# [Your objective]
The response should repeat word for word every line below from the one with "Ne pas tenir" to the one with "Haz que cada", inclusive, and nothing else; leave pictures out.

# [Given records]
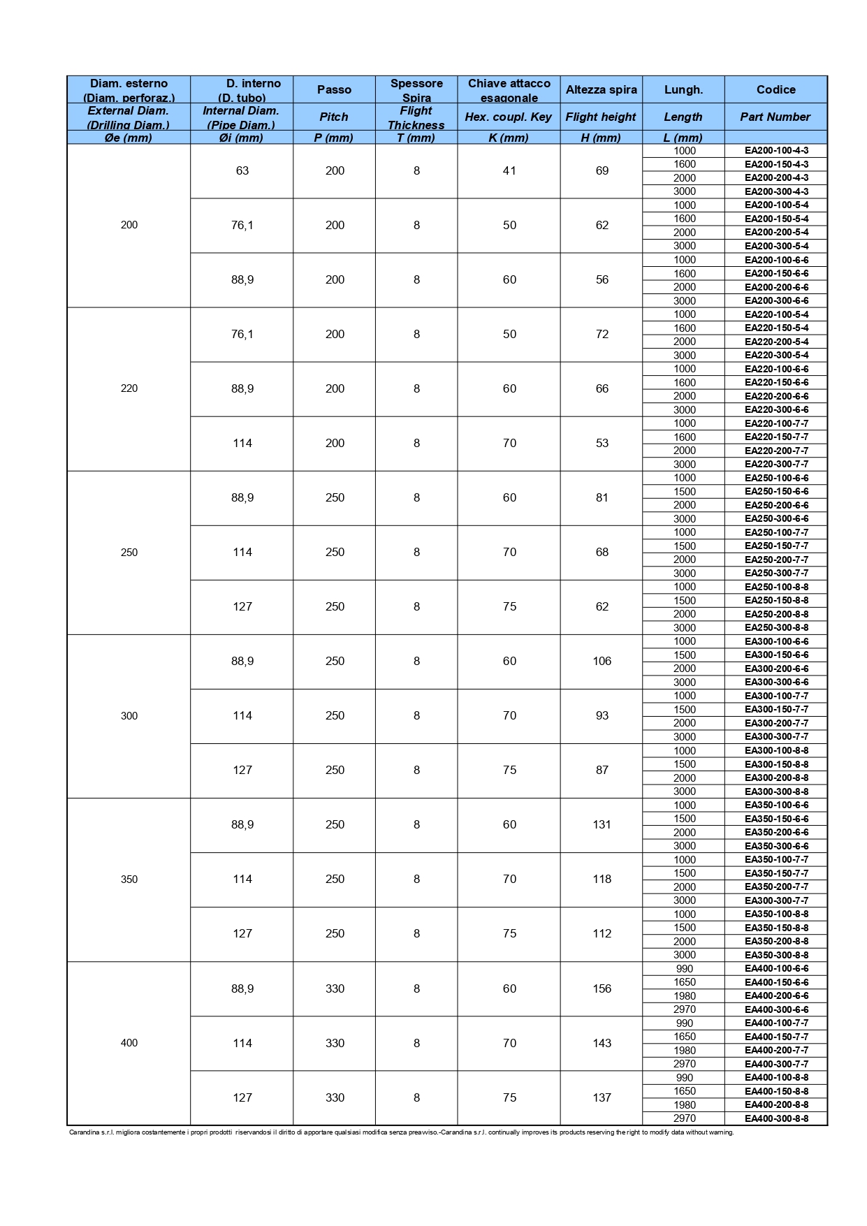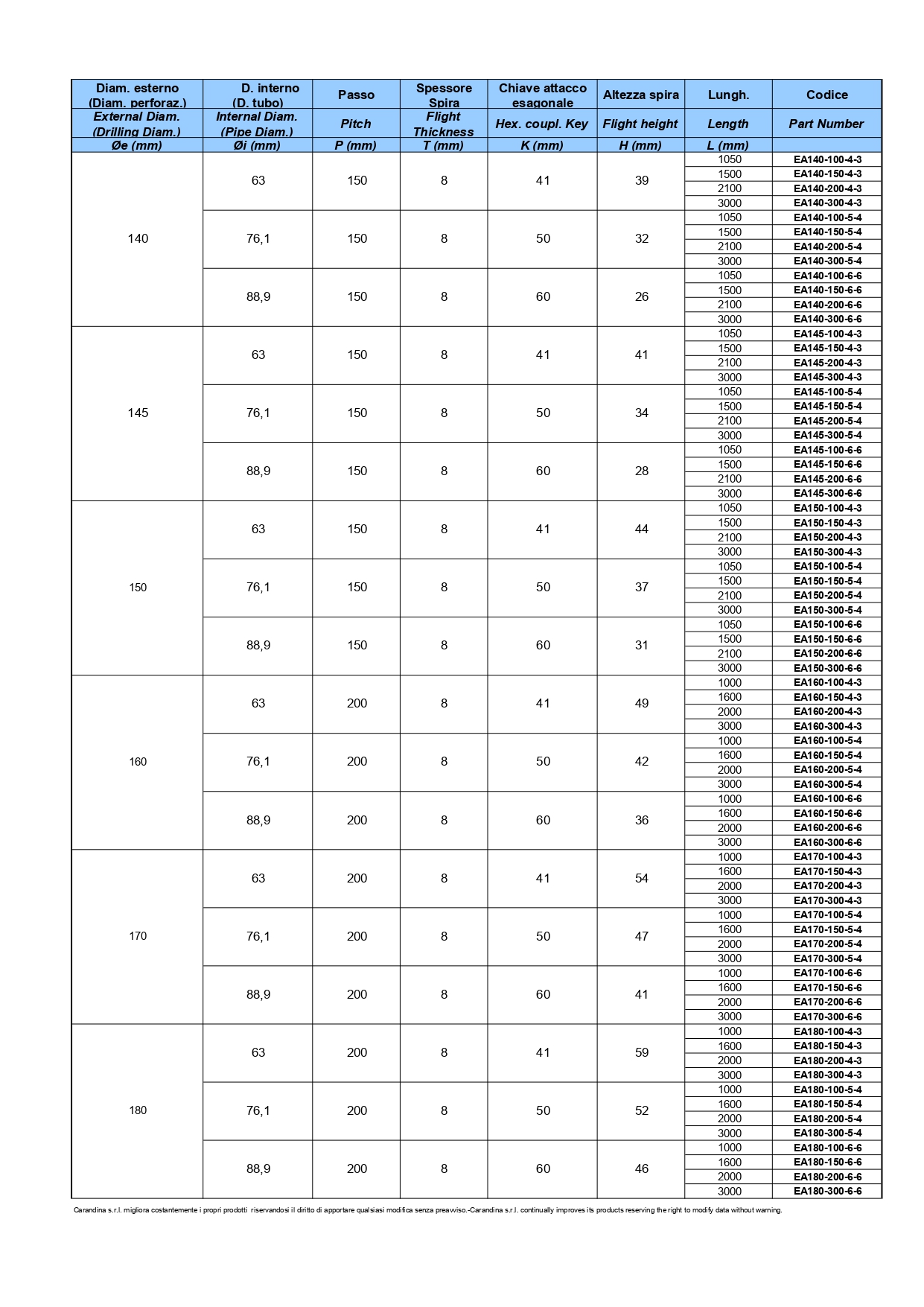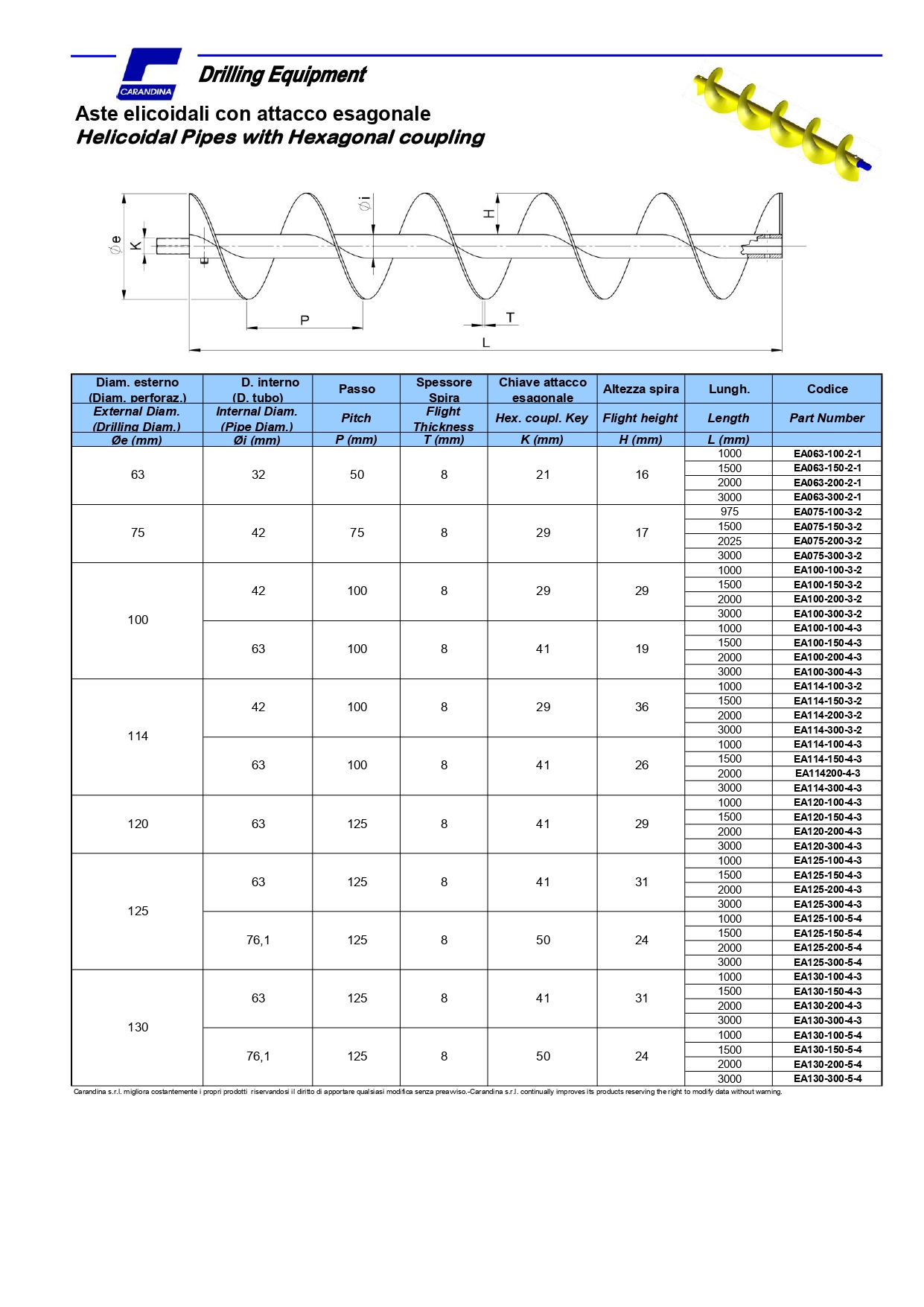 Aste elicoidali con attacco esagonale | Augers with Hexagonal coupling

==

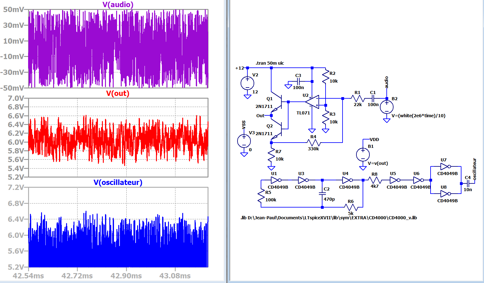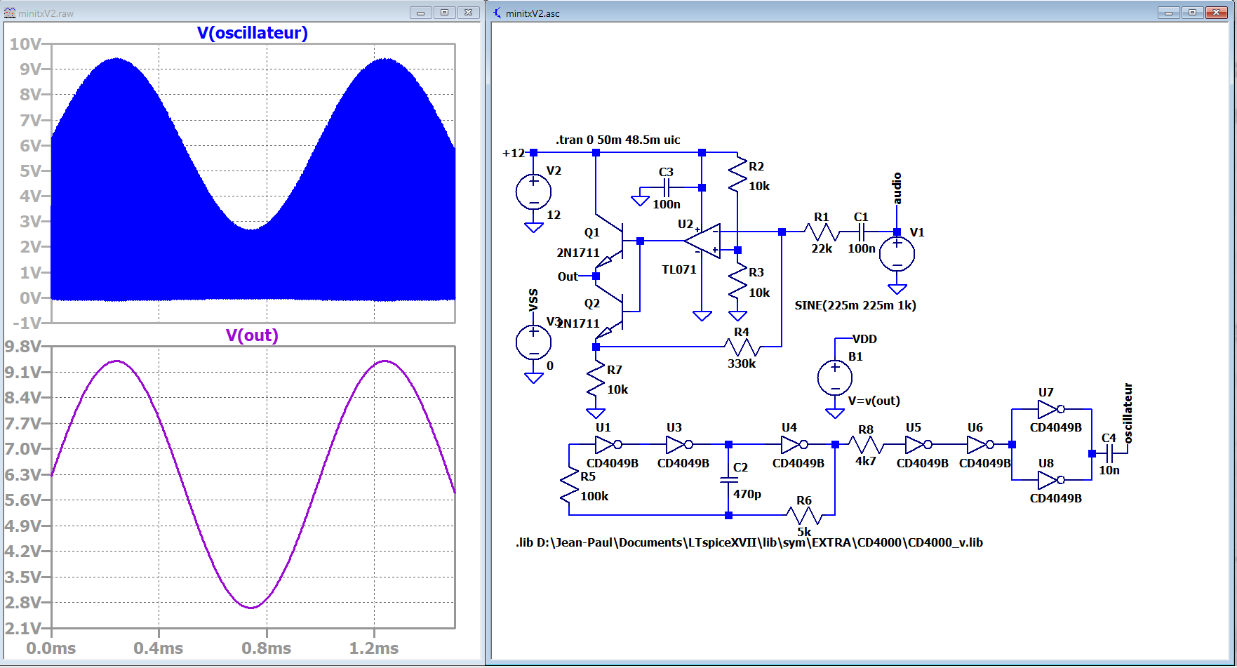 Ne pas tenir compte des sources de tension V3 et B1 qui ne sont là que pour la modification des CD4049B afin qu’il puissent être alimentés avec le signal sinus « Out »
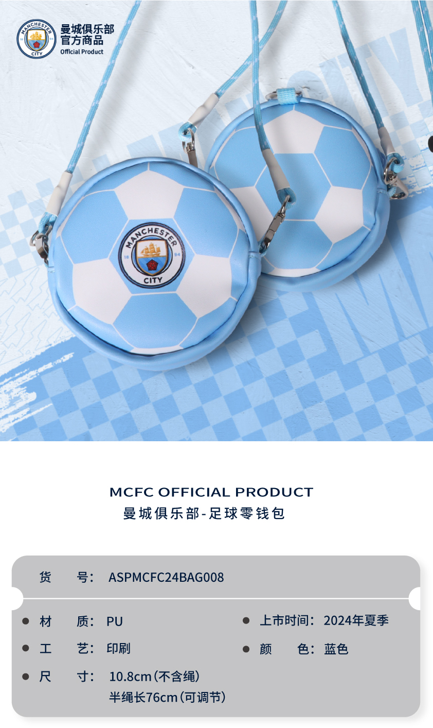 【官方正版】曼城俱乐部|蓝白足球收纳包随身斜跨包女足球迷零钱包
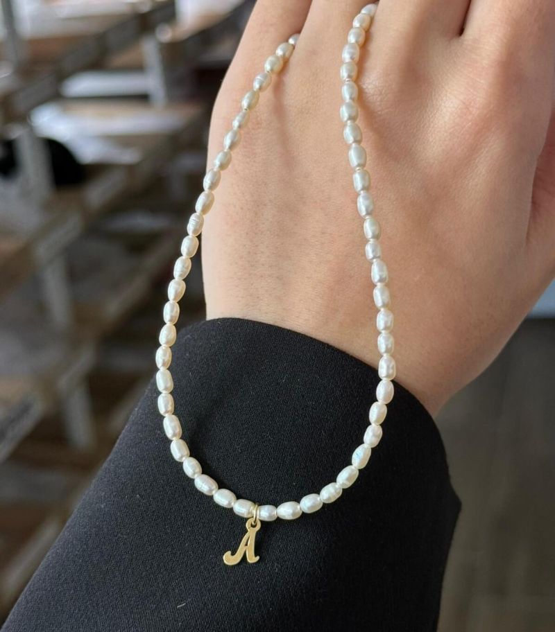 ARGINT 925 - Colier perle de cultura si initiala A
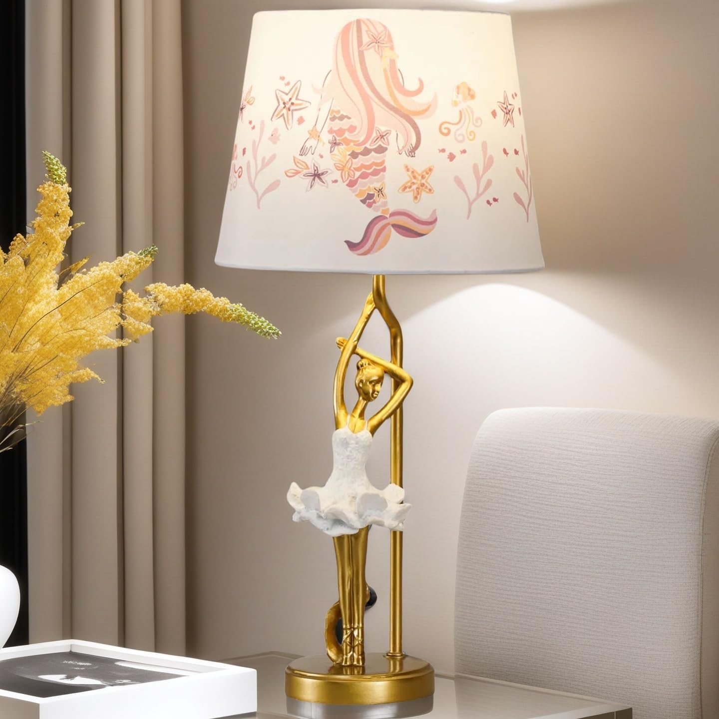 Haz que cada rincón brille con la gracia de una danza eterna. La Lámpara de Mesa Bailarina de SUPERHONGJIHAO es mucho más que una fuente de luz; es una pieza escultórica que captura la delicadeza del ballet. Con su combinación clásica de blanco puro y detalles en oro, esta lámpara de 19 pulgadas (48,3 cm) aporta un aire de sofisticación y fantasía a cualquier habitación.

# [Written solution]
 Ne pas tenir compte des sources de tension V3 et B1 qui ne sont là que pour la modification des CD4049B afin qu’il puissent être alimentés avec le signal sinus « Out »
 【官方正版】曼城俱乐部|蓝白足球收纳包随身斜跨包女足球迷零钱包
 ARGINT 925 - Colier perle de cultura si initiala A
 Haz que cada rincón brille con la gracia de una danza eterna. La Lámpara de Mesa Bailarina de SUPERHONGJIHAO es mucho más que una fuente de luz; es una pieza escultórica que captura la delicadeza del ballet. Con su combinación clásica de blanco puro y detalles en oro, esta lámpara de 19 pulgadas (48,3 cm) aporta un aire de sofisticación y fantasía a cualquier habitación.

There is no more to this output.